The modified maturity matrix for the criterion integrity (Table 5) consists of two aspects. Here, we applied several modifications and level changes due to the following reasons. (i) As metadata are already required for data in level 2, an earlier usage of disciplinary and target repository standards than proposed in QMM is strongly recommended. (ii) Most geospatial datasets and the related metadata are already digitalized or will be digitalized at the project’s beginning. Thus, metadata shall be machine-readable at earlier stages than in the original QMM to foster collaborative work. (iii) General metadata are already given for datasets in level 2. To avoid complex and error-prone metadata (format) changes, we strongly recommend using a formal knowledge representation language earlier than in the QMM, in collaboration work (level 3). (iv) Using semantic resources is substantial for high-quality products and future use of the data.
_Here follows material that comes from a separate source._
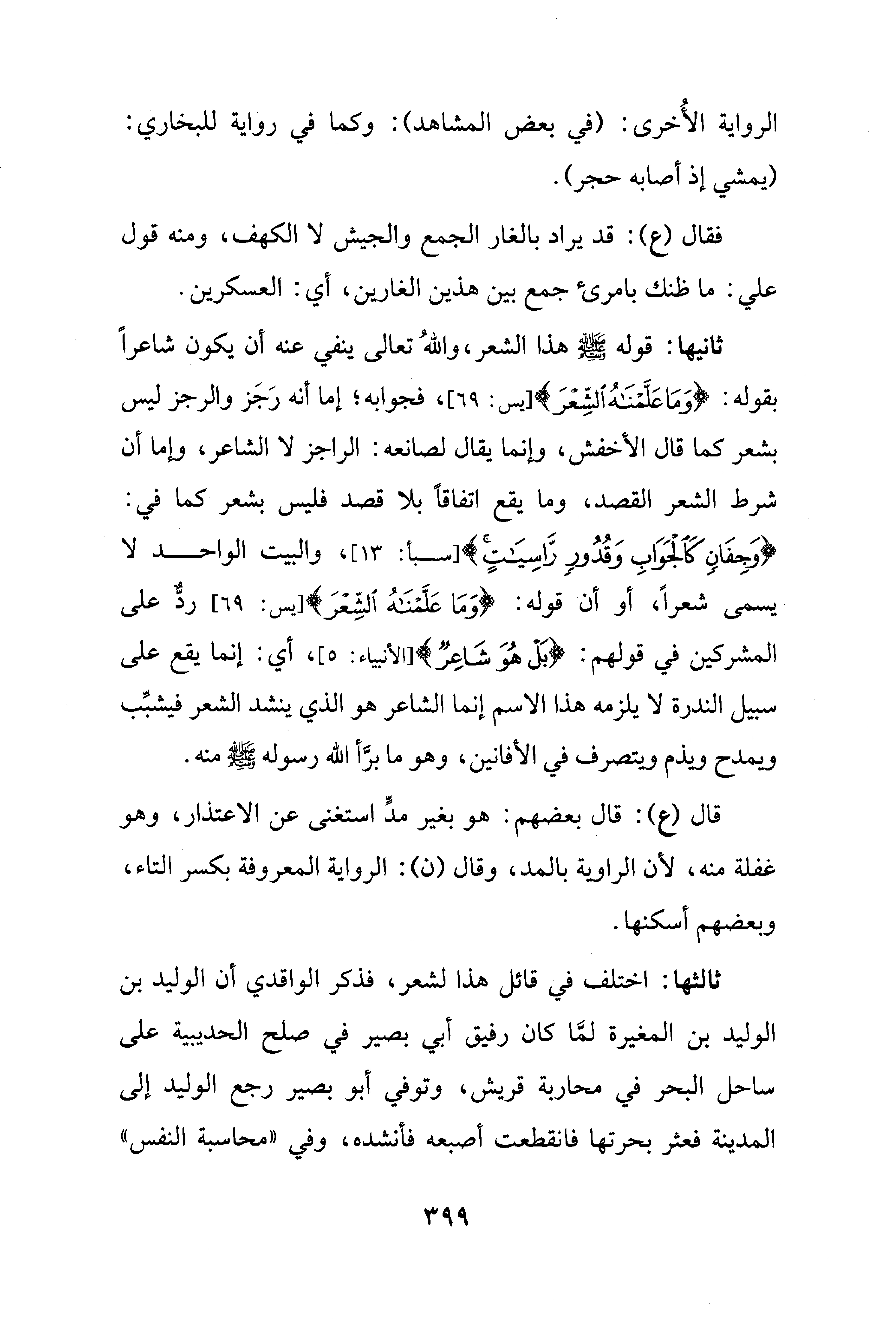 ثانيها: قوله - صلى الله عليه وسلم - هذا الشعر، واللهُ تعالى ينفي عنه أن يكون شاعرًا بقوله: {وَمَا عَلَّمْنَاهُ الشِّعْرَ} [يس: 69] فجوابه؛ إما أنه رَجَز والرجز ليس بشعر كما قال الأخفش، وإنما يقال لصانعه: الراجز لا الشاعر، وإما أن شرط الشعر القصد، وما يقع اتفاقًا بلا قصد فليس بشعر كما في: {وَجِفَانٍ كَالْجَوَابِ وَقُدُورٍ رَاسِيَاتٍ} [سبأ: 13]، والبيت الواحد لا يسمى شعرًا، أو أن قوله: {وَمَا عَلَّمْنَاهُ الشِّعْرَ} [يس: 69] ردٌّ على المشركين في قولهم {بَلْ هُوَ شَاعِرٌ} [الأنبياء: 5]، أي: إنما يقع على سبيل الندرة لا يلزمه هذا الاسم إنما الشاعر هو الذي ينشد الشعر فيشبِّب ويمدح ويذم ويتصرف في الأفانين، وهو ما برَّأ الله رسوله - صلى الله عليه وسلم - منه.

To underpin this, we require the use of semantic concepts in lower levels than the QMM. (v) The importance of semantic resources is strongly coupled to the use of linked data and linking to related content. Hence, all semantic and linked-data-related indicators shall be used in the same maturity level. (vi) Provenance information fosters transparent research, and in the end, reproducibility. Several automated provenance tracking tools already exist and can be easily used when integrating into RDM at early stages. These tools can even track runtime parameters. Therefore, provenance information should be gathered in a well-defined format already from the beginning of the model creation in level 2 instead of level 4, as proposed in the original QMM.
The maturity matrix for the criterion technicality (Table A1 in Appendix A) includes the three aspect formats, versioning, and controlled vocabularies. Here, we removed several criteria (OAIS-related, see above) and included a FAIRsFAIR metric to foster reproducibility. The level of FsF-R1.3-02D (data are available in a file format recommended by the target research community) is changed from level 4 to level 3. Spatial datasets are mostly available in digital formats, and to avoid error-prone transformations, well-defined community standards should already be used at collaboration level 3.
The criteria accessibility and validation (Table A2 and Table A3 in Appendix A) do not have level changes for specific measures. However, some measures are removed to simplify the usage of the data maturity matrix. The criterion accessibility covers options to retrieve the data and the metadata, whereas criterion validation includes the potential errors and the data’s statistical characteristics.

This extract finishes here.